# shut everything down



## Bladexdsl (Nov 7, 2009)

quick disable the dot, whos online everything the site it's soooooo slow!!!!!!


----------



## mthrnite (Nov 7, 2009)

Don't Panic.


----------



## purplesludge (Nov 7, 2009)

It's too late.


----------



## Bladexdsl (Nov 8, 2009)

nothings been done and it's getting worse 1 minute+ to do anything and over 9000 503 errors!!


----------



## YayMii (Nov 8, 2009)

It's sped up now. The mods removed the "blah blah is reading this thread" thing.


----------



## Raika (Nov 9, 2009)

Don't Panic.


----------



## Bladexdsl (Nov 9, 2009)

YayMii said:
			
		

> It's sped up now. The mods removed the "blah blah is reading this thread" thing.

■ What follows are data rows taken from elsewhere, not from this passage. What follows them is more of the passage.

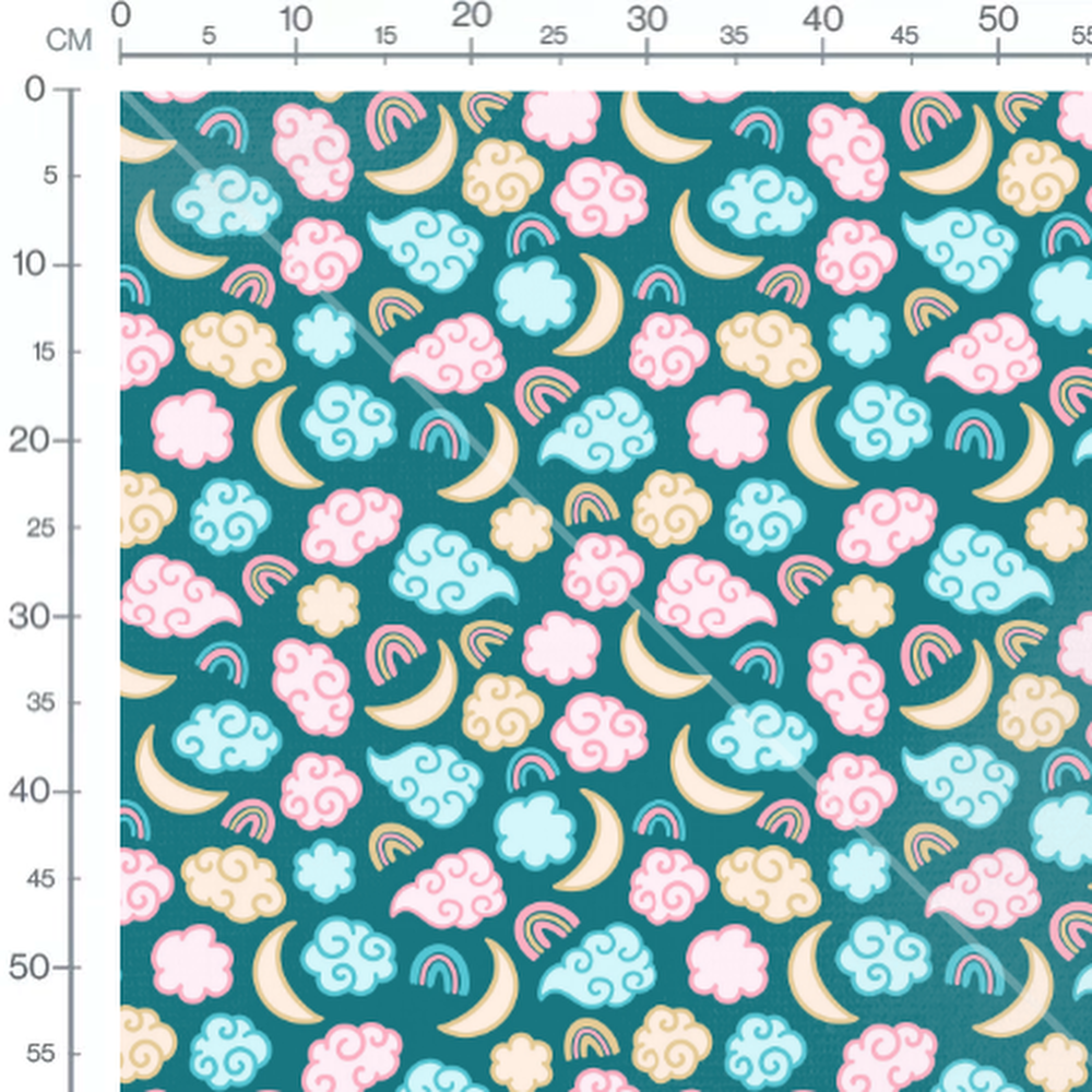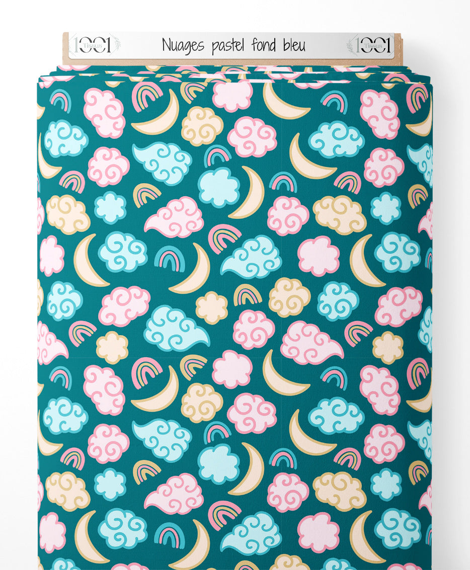 Les nuages sont de différentes formes et couleurs, incluant le rose, le bleu et le beige. Les arcs-en-ciel sont stylisés avec des teintes pastel. Les lunes sont d'un jaune doux, ajoutant une touche de rêve au motif.Les tissus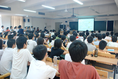 金海引用了八个新型的短语来阐明web2.0的应用及其对科学研究的影响。他在对“Shared book”,即共享书签的解释中举了CiteUlike这个网站的例子。如果我们写了一篇很好的paper,想和大家分享,就可以将文章上传到这个网站,他人便可以提出许多建议,由此科研的目的和意义也就达到了。另一个新型短语是“Video Sharing”,一般我们从网上下载视频观看要同时下载各种解码器和播放器,那能不能有一种统一的格式可以直接在网站观看到视频呢?金海告诉大家YouTube的开发者就做到了。他们将上载的视频转化为flash的格式,仅仅这样就大大方便了用户,就连google也无法匹敌。对于“Blog Tracking”,金海举了北大学生制作的Kooxoo系统这个例子。系统分为工作、住房、汽车、火车票等标签,其工作原理是从所有的博客中搜取信息,并在第一时间将信息反馈给消费者。譬如要购买火车票,你就可以在Kooxoo系统中搜索到他人转让火车票的信息。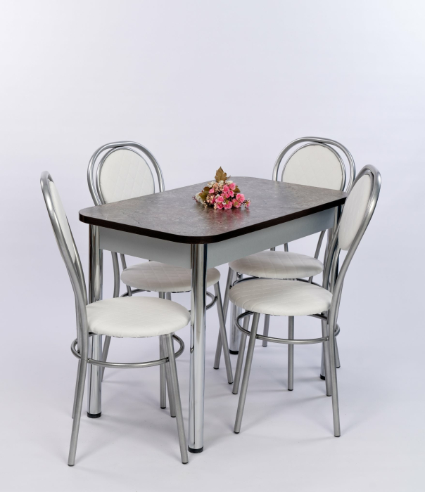 обеденная группа ПФ/Цезарь состоит из стола размер 58*100*75 и 4-х стульев,обивка Экокожа с прошивкой.Столешница стола 22 мм.

yeah it's better now and that fucking thread is also toast.


----------



## Bladexdsl (Nov 9, 2009)

god it's worse again


----------



## anaxs (Nov 9, 2009)

nothings going wrong with me


----------



## Deleted-171178 (Nov 10, 2009)




----------



## Raika (Nov 10, 2009)

Damn, sometimes it's lightning fast but sometimes it's zetta slow...


----------



## prowler (Nov 10, 2009)

Raika said:
			
		

> Damn, sometimes it's lightning fast but sometimes it's zetta slow...



Must be the fix for NSMB.
Can't wait for Super Mario Galaxy 2 



Spoiler



/sarcasm


----------



## Raika (Nov 10, 2009)

Don't forget the US release of Pokemon HG/SS...
*shuts down*


----------



## prowler (Nov 10, 2009)

and you can't forget him.


----------



## Raika (Nov 10, 2009)

Lol, GBAtemp *may* be able to handle it...


----------



## prowler (Nov 10, 2009)

Unless there is a mega piracy lock on it, and the whole world of noobs have heart attacks.


----------



## LxTrix (Nov 10, 2009)

Raika said:
			
		

> Damn, sometimes it's lightning fast but sometimes it's zetta slow...




ur zetta gay...

dammit i used it too


----------



## Bladexdsl (Nov 11, 2009)

it's the worst it's ever been now couldnt even get in for hours! pages take up to 2 mins to load !!


----------



## tj_cool (Nov 11, 2009)

Bladexdsl said:
			
		

> it's the worst it's ever been now couldnt even get in for hours! pages take up to 2 mins to load !!


that must be your internet
runs fast for me


----------